Sunday, July 24, 2011

Paddling with Divine Abandon


Even as I knew with a big part of my mind that there really was no going back, that getting out and off was not really an option, and that it was probably going to be fun, a part of me still played with the fantasy that there might be a way to set the clock back an hour and so magically get off this seemingly rather flimsy rubber raft, a raft which was rapidly propelling me and seven others towards a large bend in the Snake River Canyon. The Rafting Company’s brochure had touted their extensive safety record, and had promised that “rafting adventurers,” as we were called, would get a thorough safety orientation. My confidence in the truth of the first claim was somewhat shaken by patent falsity of the second  --  the “thorough safety orientation” turned out to be only a thirty second river-side explanation of how to put on the faded life-jackets they had handed out, together with some brief remarks that if we fell out we were to point our legs downstream so that they would crash into the boulders before our skulls. I immediately resolved to stay in the raft at all costs.
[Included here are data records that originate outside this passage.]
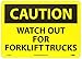| Feature | Header "CAUTION" and legend "WATCH OUT FOR FORKLIFT TRUCKS" |
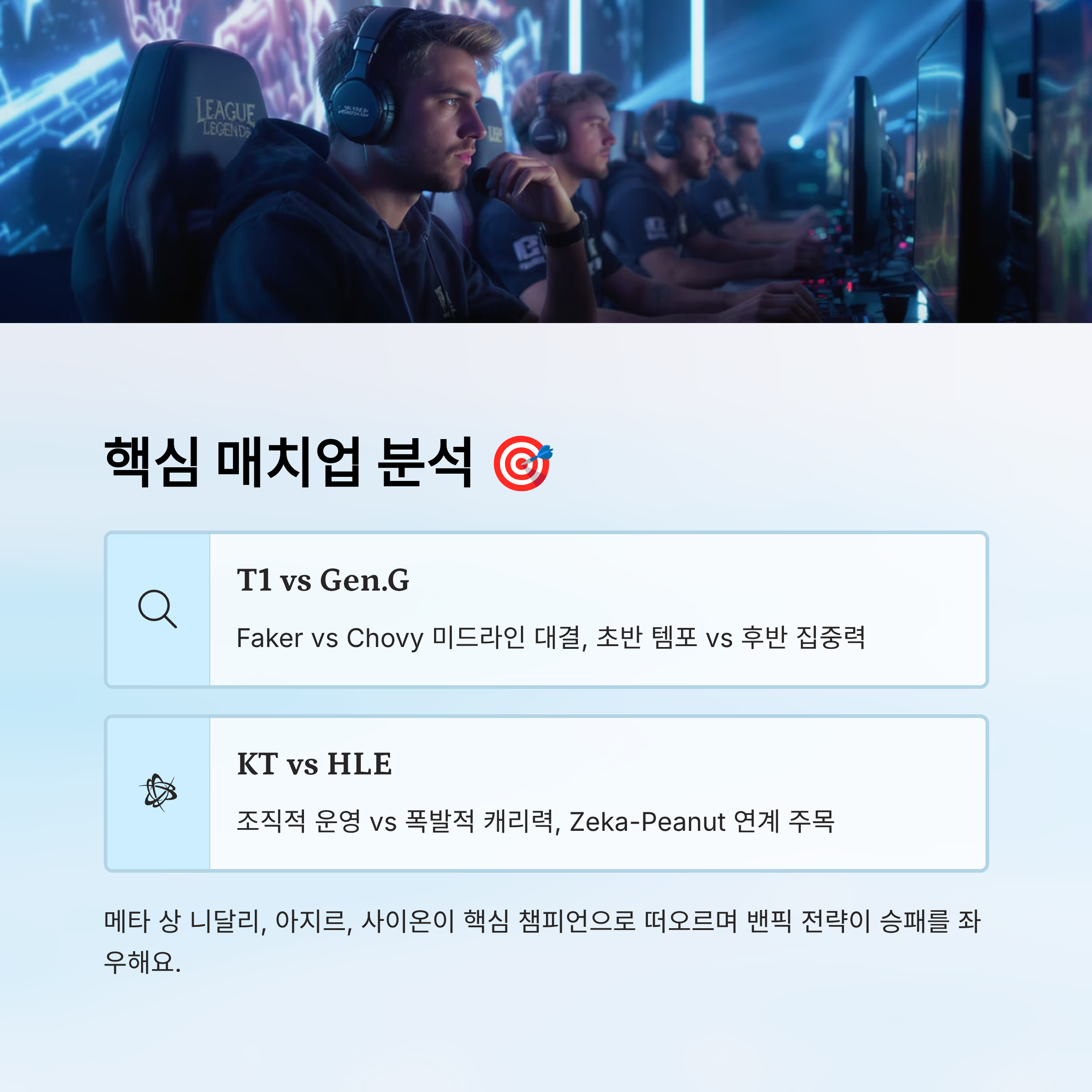 | T1 | 초중반 템포 운영 | 미드, 정글 | Faker, Oner | 후반 집중력 약세 |
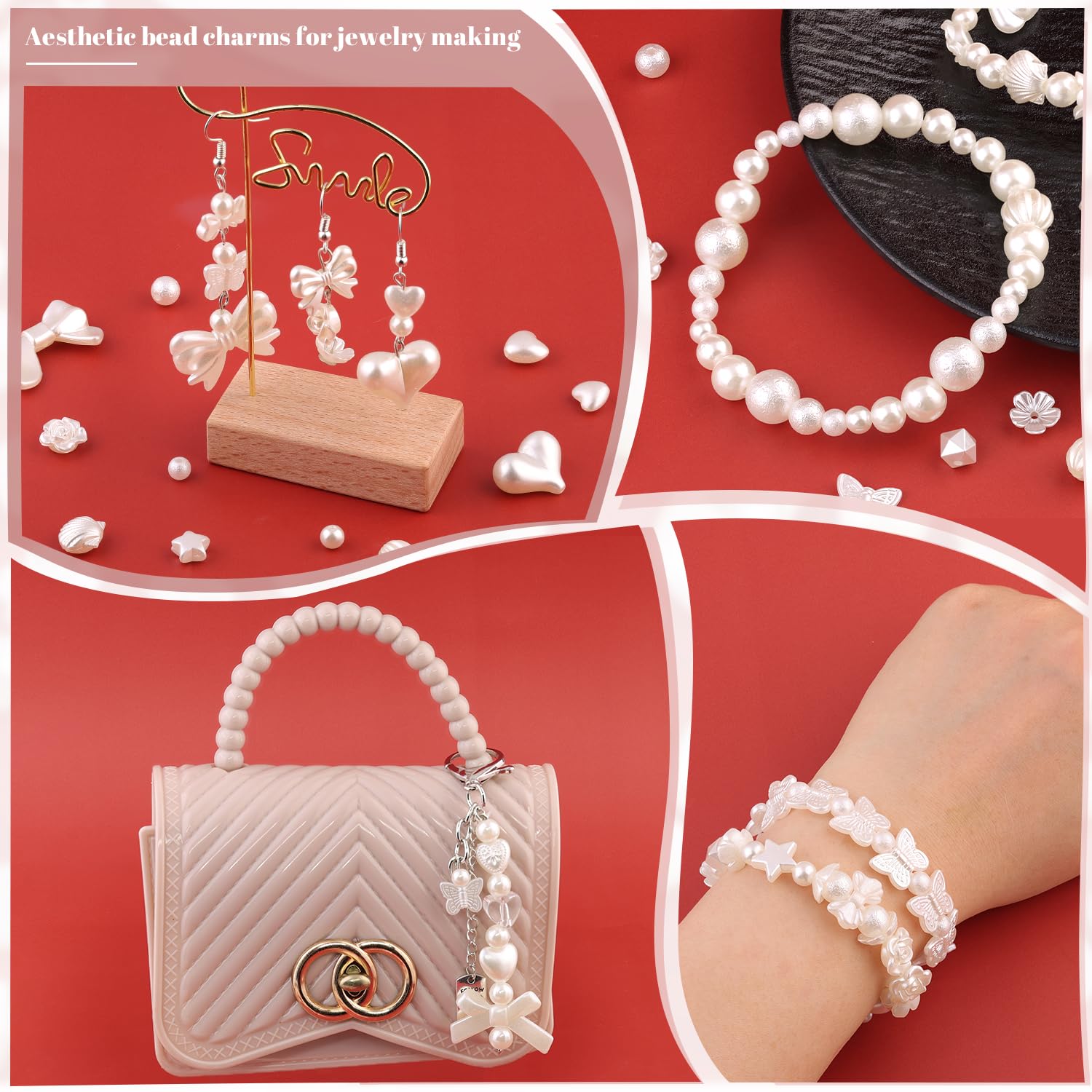 TINKRSTUFF Assorted 270-320PCS Mix ABS Imitation Pearl Beads for Bracelet Making, Bow Butterfly Heart Kawaii Aesthetic Acrylic Beads,Cute Beads for Jewelry Making DIY Necklace Keychain Phone Charms
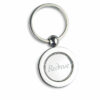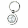 Kovinski obesek za ključe z dekoracijo globusa v notranjosti, pakiran v elegantni darilni škatli.
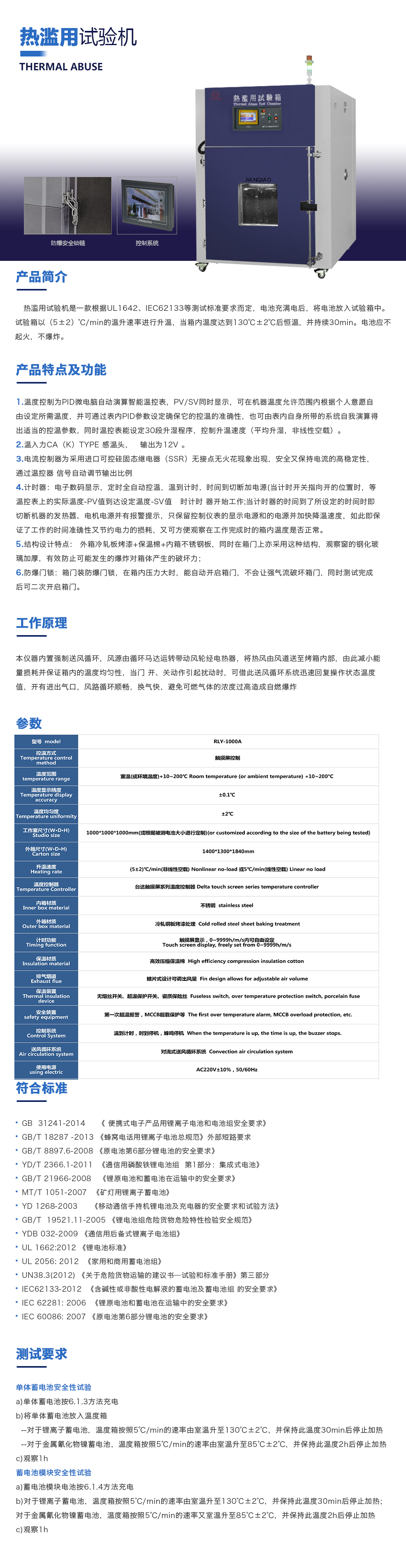 產(chǎn)品型號(hào):JQ-8103 品牌:劍 喬 用途:熱濫用試驗(yàn)箱是一款根據(jù)UL1642、IEC62133等測(cè)試標(biāo)準(zhǔn)要求而定,電池充滿電后,將電池放入試驗(yàn)箱中。試驗(yàn)箱以(5±2)℃/min的溫升速率進(jìn)行升溫,當(dāng)箱內(nèi)溫度達(dá)到130℃±2℃后恒溫,并持續(xù)咨詢熱線:13829135130

            The river bend was drawing nearer, but it was not the bend itself that concerned me – indeed, for the past 30 minutes we had been drifting lazily down the Snake, admiring the gently rising canyon walls along both banks, getting glimpses of the Grand Tetons now and again off to the west, even spotting an occasional bald eagle. Our guide had insisted that we, novice “rafting adventurers” all, practice paddling, which mostly consisted of her yelling, Captain Bligh-like, a stream of orders: “paddle left”, “paddle right”, “full power, five strokes”, “reverse all”, and so on. We were not very good at this. We improved remarkably when she told us that our ability to paddle was going to get us through the rapids – or not.

            Which was my concern. As the bend got nearer and nearer, the canyon walls drew closer and closer together, a sound, a roaring, was getting louder and louder, and the raft steadily picked up speed. A quick look at the waterproof map they had handed out showed that just around that rapidly approaching bend was something called a “Category 3” rapid – how bad could that be, I thought? Looking over my shoulder, a fellow rafter said “Oh, look, they even name the rapids – I wonder why this one was named “the Widowmaker”?”

By now the river had got my attention. As had our guide, who ordered the right side to paddle to avoid a bolder, which flashed by to starboard, then called for three strokes from the left to line us up for the approach to what looked to be something you might see on the “Discovery Channel”, or in one of those big-screen Omni-Max theaters about kayaking the Himalayans, a steep stretch of river that boiled and churned over boulders the size of cars and towards which we were headed like a runaway freight train.

At it was at that point when I seriously wondered why I hadn’t had the presence of mind to object way back at the boarding area when the guide had placed me not on the left side of the raft, not on the right side of the raft, not way back on the stern, where she was safely ensconced – but on the blunt front of the raft!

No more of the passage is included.